When Quentin Tarantino recently talked about Netflix films “not existing in the zeitgeist”, he may well have been talking about Hidden Strike. Directed by Scott Waugh (Need For Speed, the upcoming The Expendables 4), this action thriller pairing Jackie Chan with John Cena crept onto the platform with zero fanfare and subsequently does little to do anything that lodges in the memory.

The story feels like something cooked up in a nerdy 14-year-old’s bedroom. Commander Dragon Luo (Chan), the leader of Shadow Squad (honestly), heads up a mission to extract workers from a Middle Eastern oil refinery under attack from rebels. The only way out is through the Highway Of Death — just off The Interstate Of Existential Angst, presumably — where the coach convoy comes under attack from a band of mercenaries who have seemingly wandered in from Mad Max: Fury Road.

The selling point of the film – the promising double act of Jackie Chan and John Cena – is badly fumbled.

Among their number is American soldier of fortune Chris (Cena), whose only personality trait is his frankly annoying habit of giving everyone and everything a nickname. Chris is in the pay of Big Bad Owen Paddock (Pilou Asbæk) but, when he is double crossed, Chris joins forces with Luo to save Professor Cheng (Jiang Wenli), keeper of an all-important dongle (never has a film uttered the word “dongle” so often), and take down Paddock. Reading this back, this is an insult to nerdy-14-year-olds.

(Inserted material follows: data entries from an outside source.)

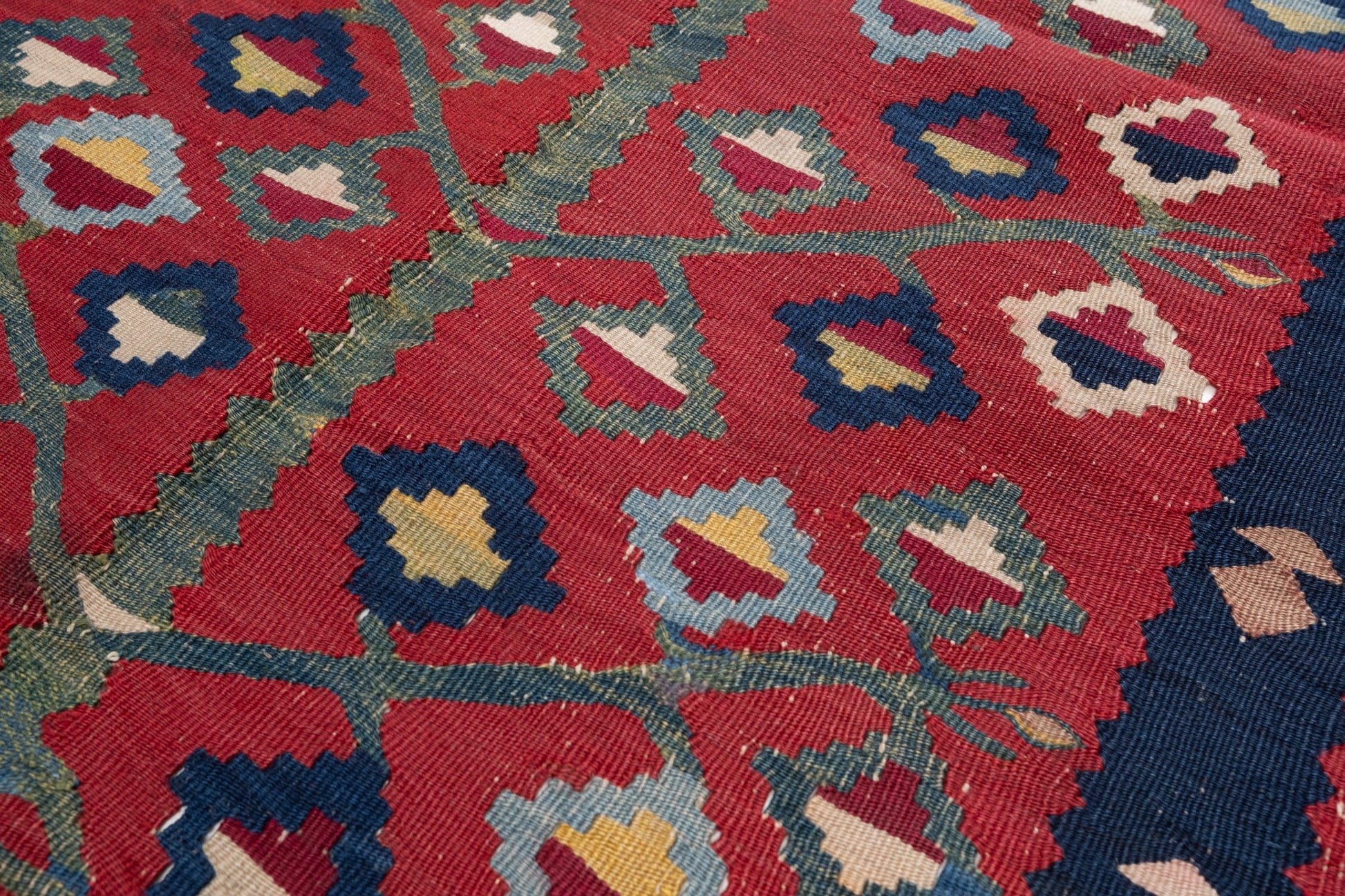 素材と技法: 緻密な織りと優れたディテールが、熟練の職人技を物語っています。このキリムは、バルカン地方の豊かな文化的遺産を示すものです。
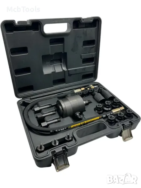 Съдържа пневматичен вибро екстрактор и множество адаптори, съвместими с широка гама дизелови инжектори, монтирани в МПС.
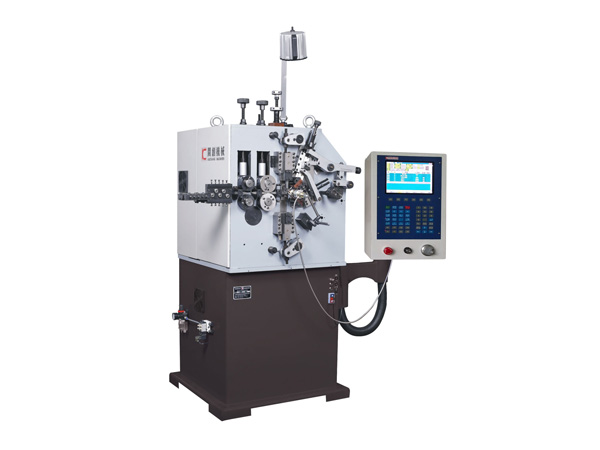 Our company's KCT-26A 2/3 Axis CNC High-speed spring coiling machine uses Taiwan computer control system, citing Japan import SANYO servo motor and high precision bearing, etc., with left and right direction tool holder. The models ( 26-type compression spring machine ) standard for two axis, can also be ordered with three axis, free spool, cam shaft and pitch axis, the axis can operate independently or with synchronous operation, forming speed, stable performance and high accuracy. Among them, the third axis is for KCT-26A computer compression spring machine push rod spacing knife increased, not only more convenient spring product forming, save debugging machine time and wire rod cost, but also can complete more difficult requirements of spring products.
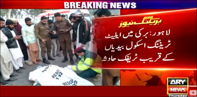 اے آر وائی نیوز کے مطابق لاہور کے علاقے برکی میں ایلیٹ ٹریننگ اسکول بیدیاں کے قریب تیز رفتار ٹریکٹر ٹرالی نے موٹر سائیکل سوار کو کچل ڈالا، حادثے میں 3 افراد جاں بحق ہوگئے۔
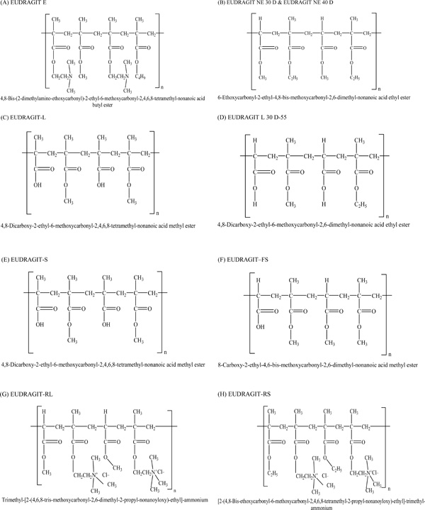 - Poly [Ethyl acrylate, methyl methacrylate, trimethylammonioethyl methacrylate chloride] with the ratio 1:2:0.1, trade names Eudragit®RS100, Eudragit®RSPO, Eudragit®RS 30D and Eudragit®RS 12.5 are manufactured and marketed by Evonik Industries, (Fig. (2h)) [33](Table 2).
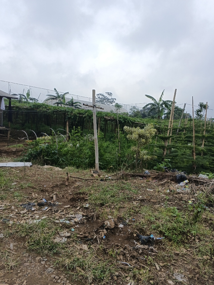 A partly overcast outdoor scene showcases a plot of land featuring varied vegetation. Lush green plants are abundant, with taller plants supported by wooden poles. A structure, possibly a greenhouse, is visible in the background, surrounded by fencing. The foreground reveals disturbed soil with scattered debris, suggesting human activity or environmental impact. The overall impression is of a rural or agricultural setting with signs of both cultivation and neglect.
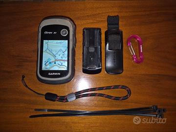 GPS Garmin etrex 30 perfettamente funzionante. Aggiornato all'ultima versione firmware disponibile. Mappe precaricate. - supporto per aggancio moschettone - moschettone - Supporto manubrio bicicletta. - n. 4 fascette di fissaggio in plastica. - n. 1 laccetto sicurezza Funziona con 2 pile stilo AA (standard o ricaricabili). Il GPS presenta una riparazione sul tasto di accensione che non ne compromette la funzionalità ed il tasto menù è leggermente rovinato ma funziona perfettamente.
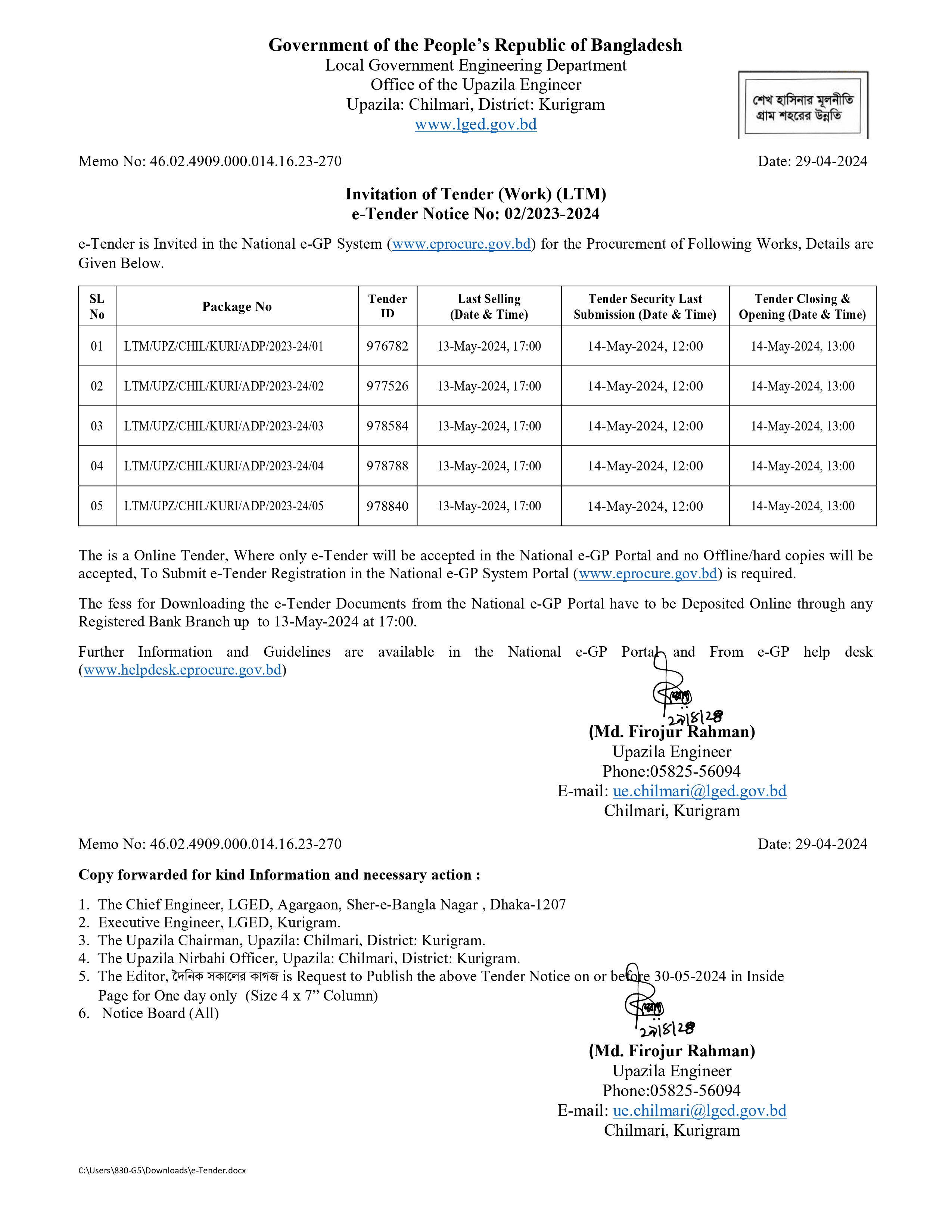 | শিরোনাম | বার্ষিক উন্নয়ন কর্মসূচি (ADP) উন্নয়ন প্রকল্পের আওতায় ২০২৩-২৪ অর্থ বৎসরের দরপত্র বিজ্ঞপ্তি। |
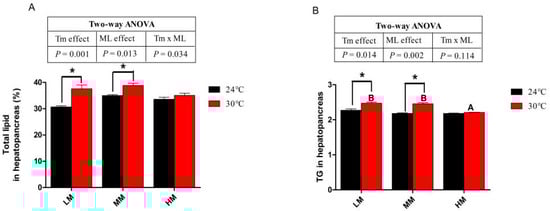 The total lipid (A) and triglyceride contents (B) in the hepatopancreas of juvenile E. sinensis fed the experimental diets at normal (24 °C)/high water temperature (30 °C). * means that there is a significant difference between different temperatures at the same dietary methionine level (p < 0.05). The A and B indicate significant differences among crabs fed diets with different dietary methionine levels at high water temperature (p < 0.05).
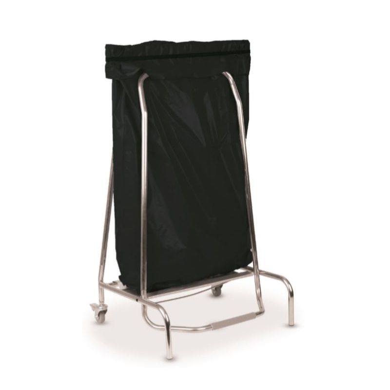 -Dim: 500x540x1255mm -Capacité 110L -Rebord pour déposer des plateaux -Clapet aimanté pour accéder à la poubelle -Sac poubelle tenu par un élastique -Chariot mobile aimanté sur 4 roues -Acier inoxydable -Poids: 28Kg

En route there are modern action film tropes a-plenty; an estranged daughter (Chan's), a dead father (Cena's), unconvincing CGI deserts, unfunny one-liners, and an action-filled final act that lasts an eternity (at one point Chan battles a tattooed goon in what feels like a foam party in an early-noughties Watford nightclub). The selling point of the film — the promising double act of Chan and Cena — is badly fumbled. It takes an age for them to get together and when they finally team up, the writing either saddles them with lacklustre banter or splits them up as if contractual demands require they have their own time in the sun. As ever with Chan, the film ends with end-credit outtakes and deleted scenes — and all of these show far more comedy chops and chemistry between the leads than anything that made it into the official running time.

Some of the fight choreography is impressive — there’s a fun scrap on a coach that doesn’t involve either Chan and Cena — and Waugh conjures up the odd eye-catching shot, but overall this is a hackneyed, limp affair. It comes to something when the financier idents at the start are more imaginative and engaging than the film that follows.

A meandering, unfunny, mostly flat effort, Hidden Strike is a disappointing waste of two immensely likeable stars. Head straight to the super-fun outtakes.